Putting 6k in an ISA is just going to make the bank money and pay bonus' for its staff.
Then 10 years later the bank goes bankrupt, and you lose it all, and the bank gets bailed out by the taxes you pay on your earnings so that its top boys can have even bigger bonuses.
Proof of Concept: Northern Rock
Last edited by thesmileyone69; 18-05-2012 at 00:55.
Hmm, i've seen you post on about gold, but he will simply be buying 'paper' gold, which is fueled simply be speculation. Buying paper gold means that you will not own the gold that you buy OP, you own a promise to receive physical gold.

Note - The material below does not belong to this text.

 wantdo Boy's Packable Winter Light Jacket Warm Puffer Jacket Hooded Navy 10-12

If you want to buy PHYSICAL gold, as diggy states, it costs about $51,000 dollars a kilo, rougly $1500 an ounce, so its your choice but don't be fooled into investing in something that has 'gold' written on it.
(Original post by diggy)
I only say Gold because comparative to these other things the OP always has something stable
Say he really needed money he could quickly get the cash from gold
Whereas bonds and stuff is very risky
PLUS he can wear the gold
Last edited by DontBeJelBeReem; 18-05-2012 at 16:36.
It depends on how little/much risk you're willing to go for, and how long you will be holding the money off for.

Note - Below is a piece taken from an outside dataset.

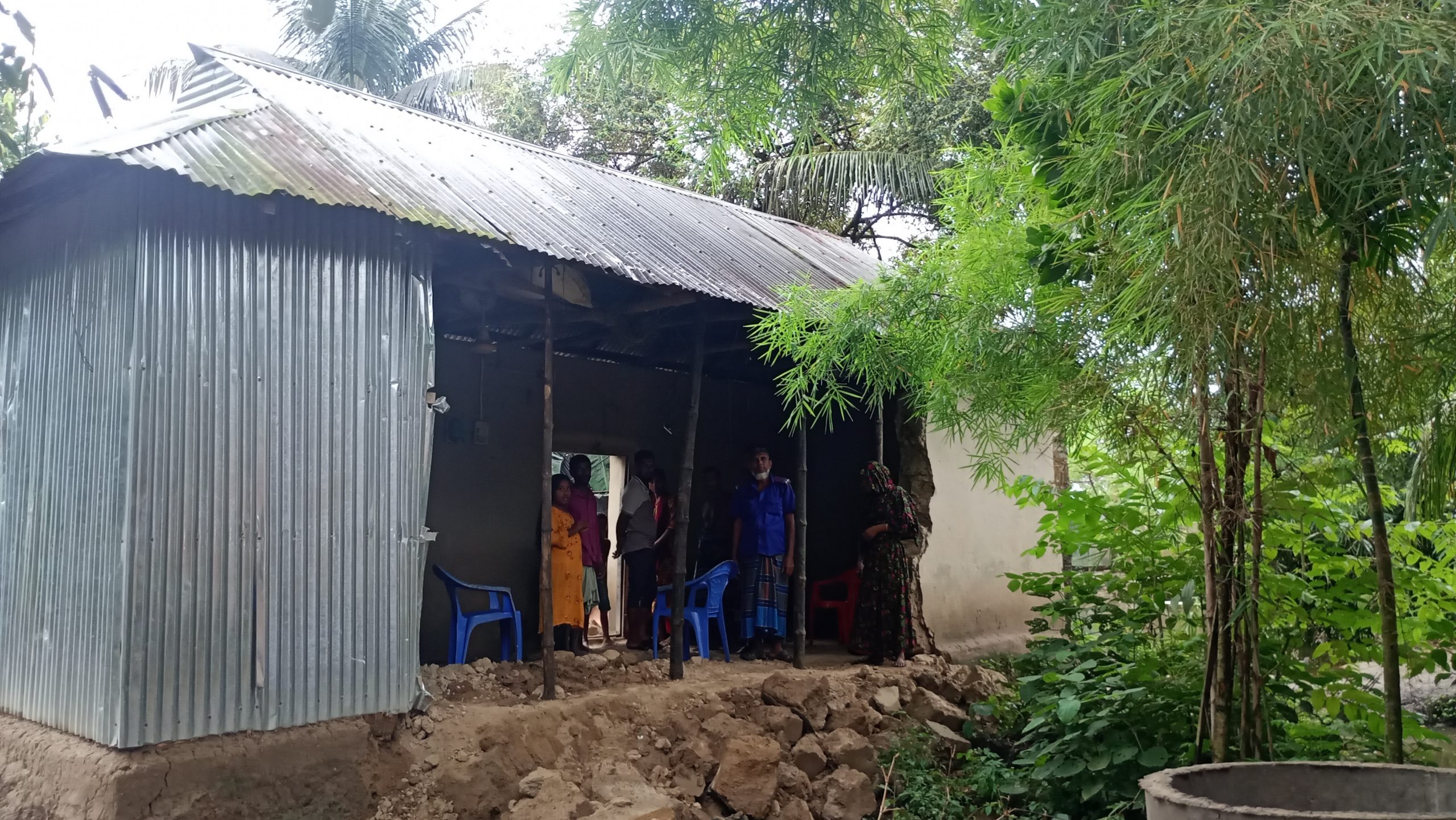 জানা যায়, শুক্রবার রাতে ভারী বৃষ্টিপাতে মৃত বীরমুক্তিযোদ্ধা আব্দুল মজিদের ছেলে মঈন উদ্দিন মনুর মাটির ঘরের দেয়াল হঠাৎ ভেঙে পড়ে। এ সময় ঘরের ভেতরে মঈন উদ্দিন মনুর স্ত্রী-সন্তানরা অবস্থান করছিলেন। দেয়াল ধ্বসে মঈন উদ্দিনের স্ত্রী আহত হলেও অলৌকিকভাবে তার সন্তানরা ছিল অক্ষত।

I have to disagree with how risky some people say the stock market is today. Obviously the stock market is volatile (as always), but currently there is a huge opportunity to invest in the stock market since many shares are undervalued.
FTSE100 firms, aka blue-chip companies (the 100 largest firms on the London Stock Exchange by market capital, i.e. what it's worth) usually have the lowest risk. Firms such as Morrisons, Aviva and Royal Dutch Shell FTSE100 firms.
Regardless of how much the share price is now, it is much more important to look at the fundamentals of the company (their balance sheet, debt, growth potential, operating areas/countries etc.) If the fundamentals are good, then it is likely that the company can weather the economic storm and their share price will be appropriate valued in time. Since many of these big companies are undervalued at the moment, they present themselves as great opportunities if you're willing to hold for at least several years.
The other thing you can look out for is whether companies pay out dividends or not. Dividends are essentially quarterly or half yearly payments to shareholders, and they vary from company to company. It is often higher than the 3% of most good ISA accounts nowadays. Again, Morrisons, Aviva, Shell, BP, Tesco etc. all pay out dividends.
Therefore, if you do your research into a FTSE100 company with strong fundamentals which is currently undervalued in price, AND if it pays out dividends, then it's a win-win situation - you have a stream of income from dividends equivalent to (or maybe greater than) interest from an ISA account, and in future when/if the share price rise you can sell it for a profit.
Investing in blue-chip companies that pay out dividends is generally considered as low risk.
But the disadvantages/things that can go badly may include:
- You don't know when to buy the shares, since they may go even lower (Greece might leave the eurozone, Spain and Italy still have their problems, France's future with a new president opposed to austerity measures etc.)
- Your company may go bust (though if it's a FTSE100 firm with solid fundamentals, i.e. you've done proper research, then the chances of a wrong pick will be minimised)
If you do decide to invest in the stock market, then do look at it in a medium- and long-term time scale, and also don't just buy one share. Diversifying your portfolio also reduces risk (i.e. buy many shares from different industries).
Last advice, take a look at articles on The Motley Fool (www.fool.co.uk), often with intriguing reads. You can also learn more about investing on the website, listen to their podcasts etc. They're also an online stock broker (I use them!)
Hope it's helpful
PS: I would stay away from gold since people invest in it as a means to preserve the value of their wealth. Gold prices have already been driven to quite a high price, plus you don't really get much of a return on it. My understanding is that investment in gold is more of a "store" of wealth, rather than as a tool for creating a return on your investment.
Last edited by lemoncha; 19-05-2012 at 00:58.